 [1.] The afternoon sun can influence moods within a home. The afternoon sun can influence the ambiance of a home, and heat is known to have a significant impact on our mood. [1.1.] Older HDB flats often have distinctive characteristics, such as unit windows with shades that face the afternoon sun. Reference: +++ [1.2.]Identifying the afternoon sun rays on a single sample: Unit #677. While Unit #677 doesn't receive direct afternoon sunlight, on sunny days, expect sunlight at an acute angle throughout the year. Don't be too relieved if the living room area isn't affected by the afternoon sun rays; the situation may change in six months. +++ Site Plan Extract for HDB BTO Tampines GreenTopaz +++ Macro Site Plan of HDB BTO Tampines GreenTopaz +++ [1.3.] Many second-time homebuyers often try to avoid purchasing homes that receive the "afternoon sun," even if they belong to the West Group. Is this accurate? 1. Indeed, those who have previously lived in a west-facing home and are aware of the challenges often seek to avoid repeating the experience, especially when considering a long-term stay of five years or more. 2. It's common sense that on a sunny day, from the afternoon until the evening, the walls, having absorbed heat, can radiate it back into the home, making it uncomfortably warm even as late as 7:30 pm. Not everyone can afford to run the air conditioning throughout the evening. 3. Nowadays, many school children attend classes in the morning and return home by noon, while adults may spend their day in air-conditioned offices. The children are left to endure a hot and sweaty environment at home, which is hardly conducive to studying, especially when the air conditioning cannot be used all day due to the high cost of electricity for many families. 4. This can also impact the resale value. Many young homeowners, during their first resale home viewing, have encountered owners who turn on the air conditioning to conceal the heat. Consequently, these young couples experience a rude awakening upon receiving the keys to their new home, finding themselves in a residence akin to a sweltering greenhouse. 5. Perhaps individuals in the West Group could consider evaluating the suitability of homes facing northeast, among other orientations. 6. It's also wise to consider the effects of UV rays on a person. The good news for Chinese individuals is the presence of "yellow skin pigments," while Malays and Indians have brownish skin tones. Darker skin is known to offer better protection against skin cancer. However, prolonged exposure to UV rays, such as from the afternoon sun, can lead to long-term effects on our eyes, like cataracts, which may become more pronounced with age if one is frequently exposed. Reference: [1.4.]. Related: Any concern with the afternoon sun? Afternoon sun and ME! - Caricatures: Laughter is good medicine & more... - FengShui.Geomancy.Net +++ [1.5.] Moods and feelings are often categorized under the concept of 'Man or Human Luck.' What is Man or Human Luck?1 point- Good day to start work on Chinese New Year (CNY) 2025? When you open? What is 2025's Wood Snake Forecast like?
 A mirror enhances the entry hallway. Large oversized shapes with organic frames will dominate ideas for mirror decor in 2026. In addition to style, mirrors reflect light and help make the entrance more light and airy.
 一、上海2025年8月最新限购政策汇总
* * *
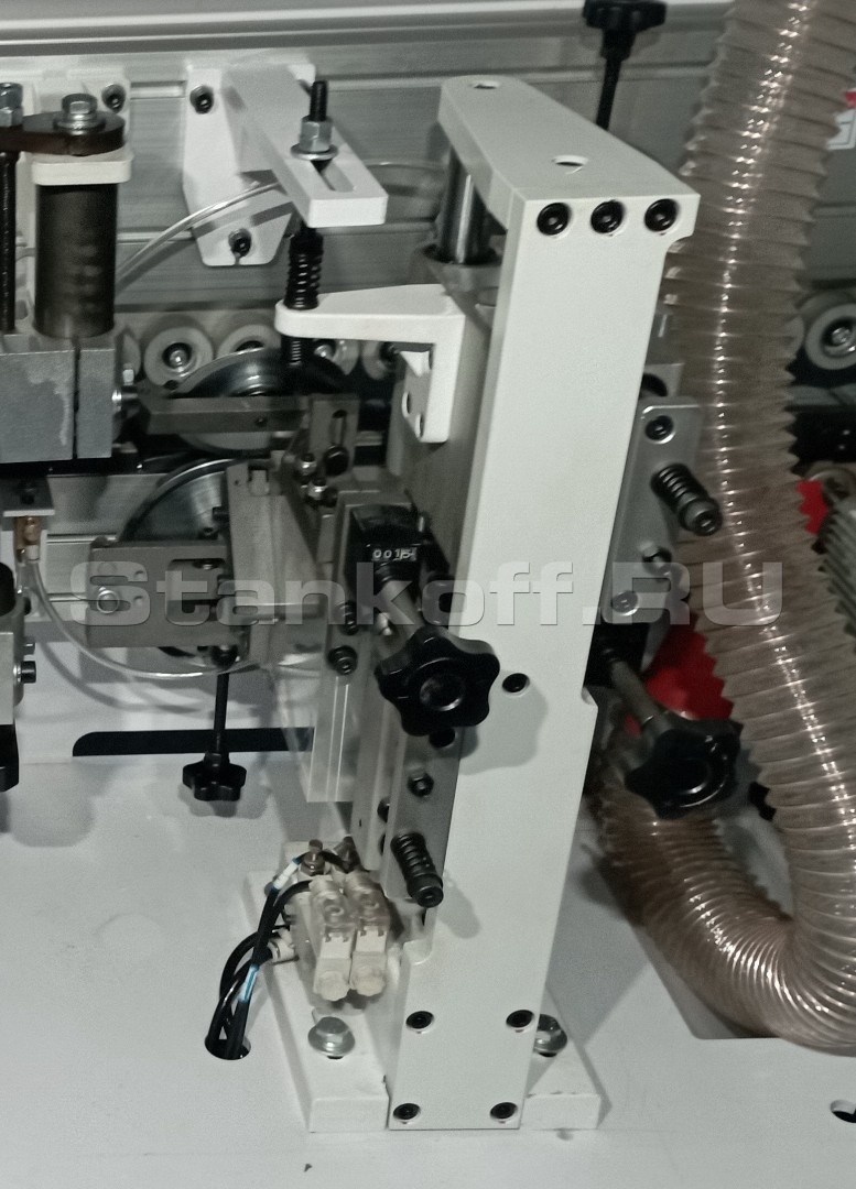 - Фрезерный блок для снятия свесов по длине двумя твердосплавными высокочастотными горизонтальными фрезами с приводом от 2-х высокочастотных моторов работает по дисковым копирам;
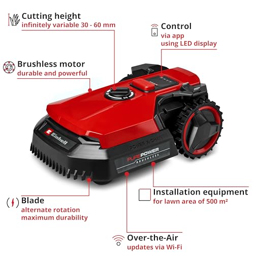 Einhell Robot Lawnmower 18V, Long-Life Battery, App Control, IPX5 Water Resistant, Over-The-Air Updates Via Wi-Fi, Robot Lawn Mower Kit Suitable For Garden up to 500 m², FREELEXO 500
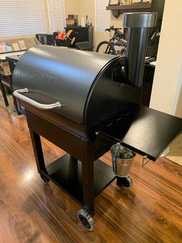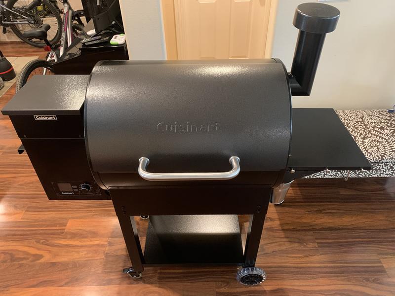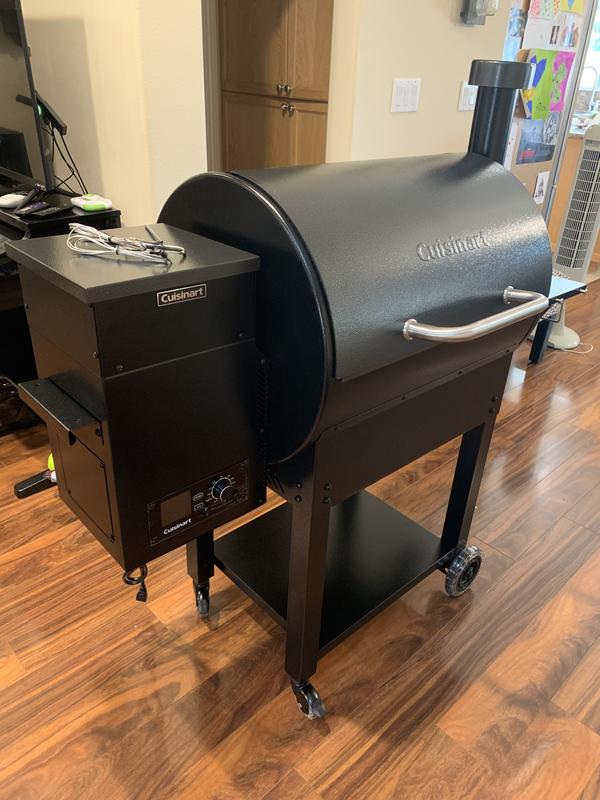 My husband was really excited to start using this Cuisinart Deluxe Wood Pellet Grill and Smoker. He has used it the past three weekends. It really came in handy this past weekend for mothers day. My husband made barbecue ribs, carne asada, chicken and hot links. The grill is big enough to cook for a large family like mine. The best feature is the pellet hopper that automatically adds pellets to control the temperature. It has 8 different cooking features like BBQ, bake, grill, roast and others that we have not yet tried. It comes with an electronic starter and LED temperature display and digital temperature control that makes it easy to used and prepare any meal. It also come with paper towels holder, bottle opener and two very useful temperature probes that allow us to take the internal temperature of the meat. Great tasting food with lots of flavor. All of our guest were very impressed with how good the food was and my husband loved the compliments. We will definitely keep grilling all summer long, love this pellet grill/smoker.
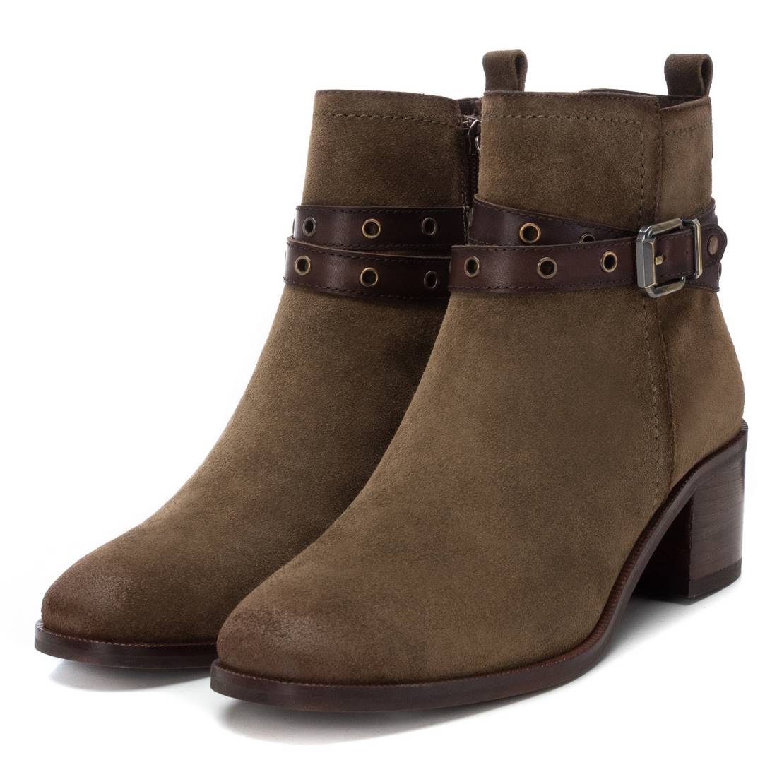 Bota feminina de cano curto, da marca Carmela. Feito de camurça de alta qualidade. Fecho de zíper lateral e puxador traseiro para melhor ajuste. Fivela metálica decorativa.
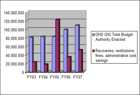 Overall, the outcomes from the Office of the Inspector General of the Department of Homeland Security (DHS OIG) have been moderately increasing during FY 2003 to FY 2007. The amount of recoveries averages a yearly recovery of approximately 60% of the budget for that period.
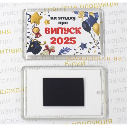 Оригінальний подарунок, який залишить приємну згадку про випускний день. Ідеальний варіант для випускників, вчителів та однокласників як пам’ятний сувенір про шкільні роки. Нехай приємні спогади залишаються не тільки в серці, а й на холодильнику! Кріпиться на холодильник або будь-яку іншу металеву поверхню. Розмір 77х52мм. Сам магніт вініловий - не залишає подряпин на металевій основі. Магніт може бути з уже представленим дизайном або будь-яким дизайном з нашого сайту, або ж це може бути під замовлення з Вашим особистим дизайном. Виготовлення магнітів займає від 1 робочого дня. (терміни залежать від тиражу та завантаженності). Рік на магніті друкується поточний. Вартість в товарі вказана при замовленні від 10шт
---
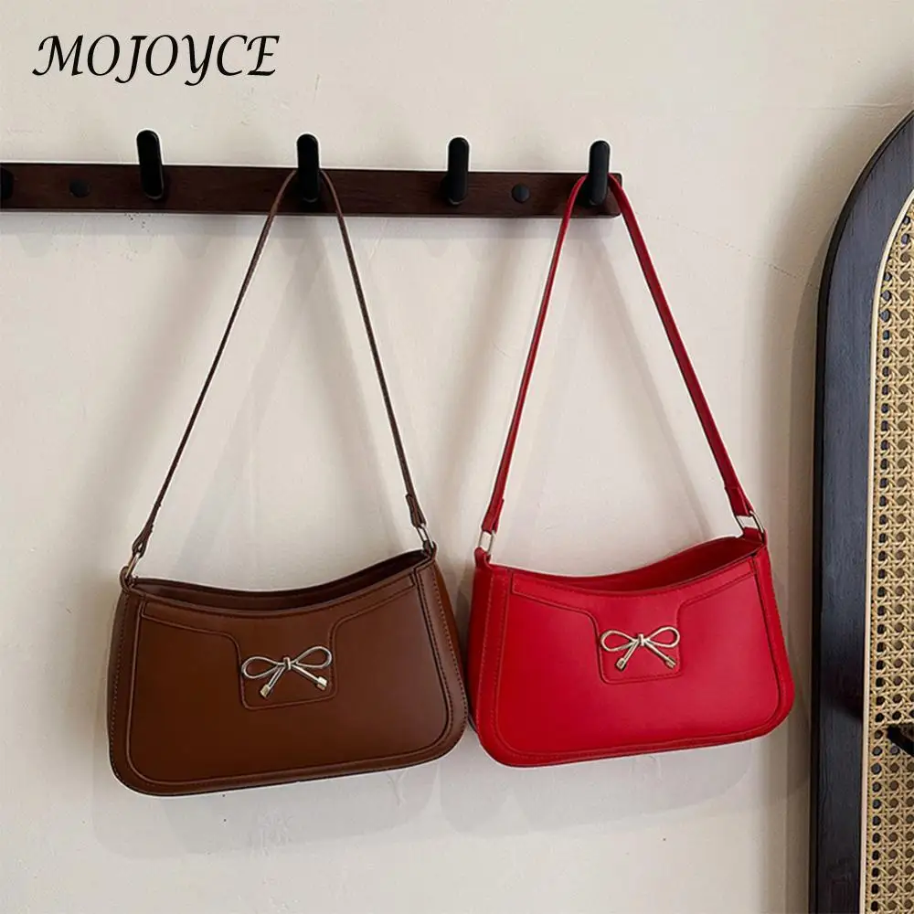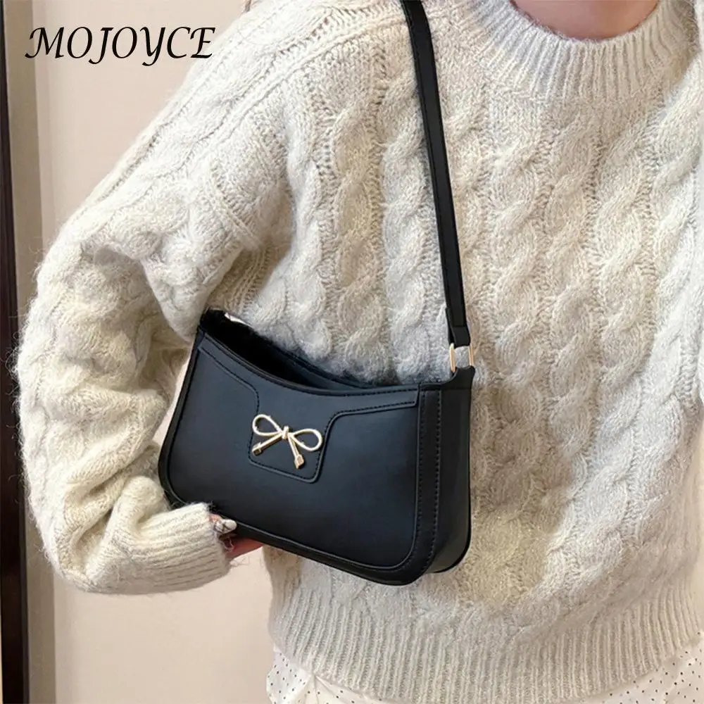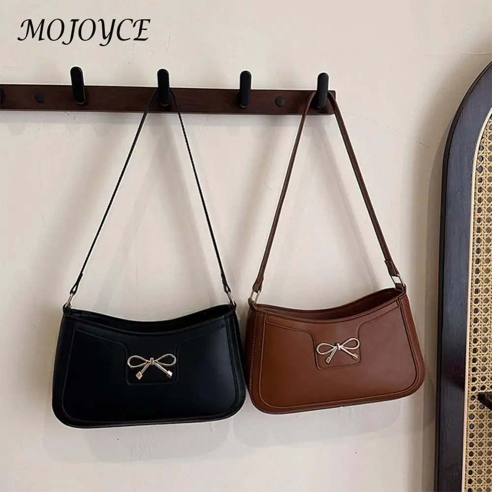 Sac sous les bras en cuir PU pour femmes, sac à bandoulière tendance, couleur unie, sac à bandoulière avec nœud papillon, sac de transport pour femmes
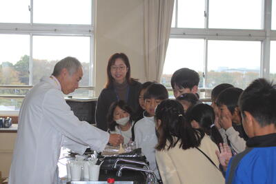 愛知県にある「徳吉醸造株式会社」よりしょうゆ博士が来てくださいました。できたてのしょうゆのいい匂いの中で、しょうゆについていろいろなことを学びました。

▶ Description of the task
Print from the line containing "Sac sous les" through the line containing "愛知県にある「徳吉醸造株式会" in the data above, exactly as the lines stand, and omit every picture.

▶ Your solution
 Sac sous les bras en cuir PU pour femmes, sac à bandoulière tendance, couleur unie, sac à bandoulière avec nœud papillon, sac de transport pour femmes
 愛知県にある「徳吉醸造株式会社」よりしょうゆ博士が来てくださいました。できたてのしょうゆのいい匂いの中で、しょうゆについていろいろなことを学びました。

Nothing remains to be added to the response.